I think that the one-way anova won't do much good because we can see them as paired samples, paired by aminoacid.
Do you think that repeated mesures anova here can be used here?I was thinking on the pairwise.t.test for paired samples in R, with Bonferroni as Method for adjusting p values.
What do you think of this method?
NOTE: This is fabricated data.
I have read the http://biostar.stackexchange.com/questions/4208/statistical-analysis-of-protein-sequence-properties post, and i reckon that there are a few similarities in both problems, but even so the objective are quite different.
Thanks in advance.
Could you please be a little bit more specific? Which means? Besides that many amino acid properties are not independent, specially on a residue basis. Can you state your test question?
YEs,
I think so. But i think you missunderstood the property, it is just one but an observation per amio-acid/protein.
H: Are the means of hidrophobicity different between proteins.
(Probably an one-way anova)
H: Which proteins have means of hidrophobicity different from each other. (I'm thinking about the post-hoc tests here)
H: How the means are correlated with binding.
(this probably goes for a classification problem, or a simple correlation test)
H: How the means are correlated with function.
(idem)
YEs, I think so. But i think you missunderstood property, i meant just one observation (hidrophobicity) per amio-acid/protein. The hipotesis would be: H: Are the means of hidrophobicity different between proteins. (Probably an one-way anova) H: Which proteins have means of hidrophobicity different from each other. (I'm thinking about the post-hoc tests here) H: How the means are correlated with binding. (this probably goes for a classification problem, or a simple correlation test) H: How the means are correlated with function. (idem)
I've forgot to ask: which scale you are using?
As I promised. A paired t-test with Bonferroni's correction is very similar to ANOVA. On either case, the most precise way to interpret your case is "same subject, different treatments". The tests I suggest assumed independent samples. As I said before, on an amino acid basis, hydrophobicity isn't a independent measure. Normally, methods to estimate it use a window of size 3-5 aa. Yet, you can use ANOVA for testing all pairs.

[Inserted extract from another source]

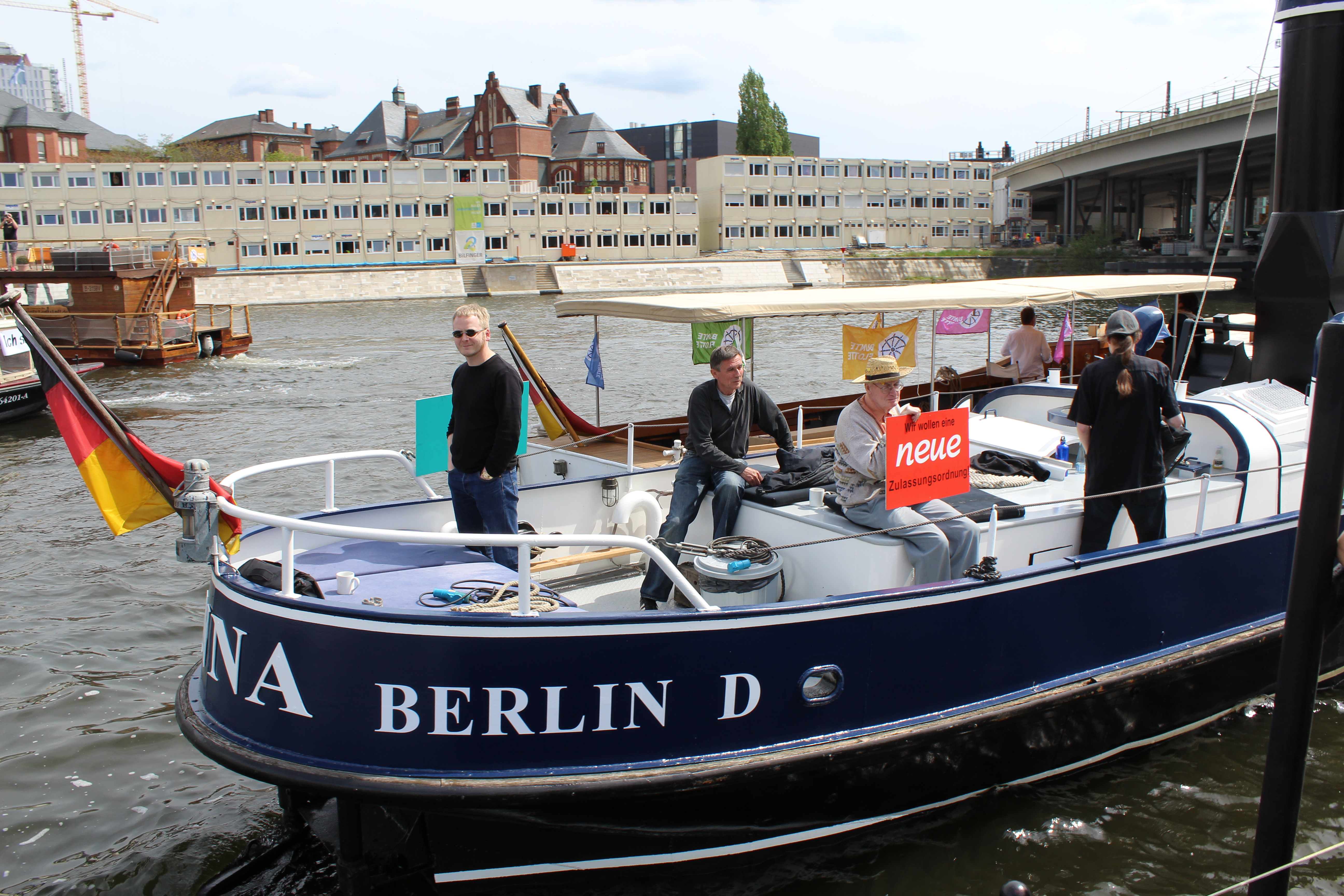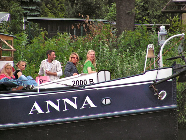 Ship Anna on a boat tour through Berlin with tilted chimney
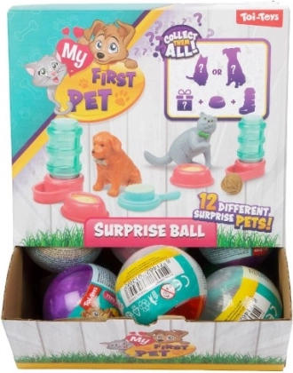 Diese niedliche Überraschungskugel MY FIRST PET erfreut jeden kleinen Tierfreund. Im Inneren befindet sich eine Figur eines Hündchens oder Kätzchens sowie drei Zubehörteile für spielerisches Pflegen eines Haustiers.

You are right about the need to use methods that use a window of size 3-5 aa, i don't think that for this particular analysis (hidrophobicity), but let's imagine that we are studying another property that depends on surrounding aa, what methods do you think that could be appropriate for this?

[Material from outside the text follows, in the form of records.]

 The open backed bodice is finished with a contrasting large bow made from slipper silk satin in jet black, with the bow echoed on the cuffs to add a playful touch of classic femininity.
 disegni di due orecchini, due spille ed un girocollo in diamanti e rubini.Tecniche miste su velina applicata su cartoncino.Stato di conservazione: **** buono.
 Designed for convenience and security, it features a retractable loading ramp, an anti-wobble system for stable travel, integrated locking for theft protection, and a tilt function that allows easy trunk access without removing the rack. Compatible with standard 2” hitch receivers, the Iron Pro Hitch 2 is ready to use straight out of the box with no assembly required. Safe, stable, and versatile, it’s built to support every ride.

Hydrophobicity depends on the neighbors. Check the scales at ExPASy/ProtScale. If you really really want to perform a powerful analysis to cross analyze sequence-function relationships (aa properties included) you must check Raganathan Lab (http://www.hhmi.swmed.edu/Labs/rr/). He developed the most powerful methods to date. Quite laborious, but worth a try!!!
Thanks for the hint. I will tell you about the results.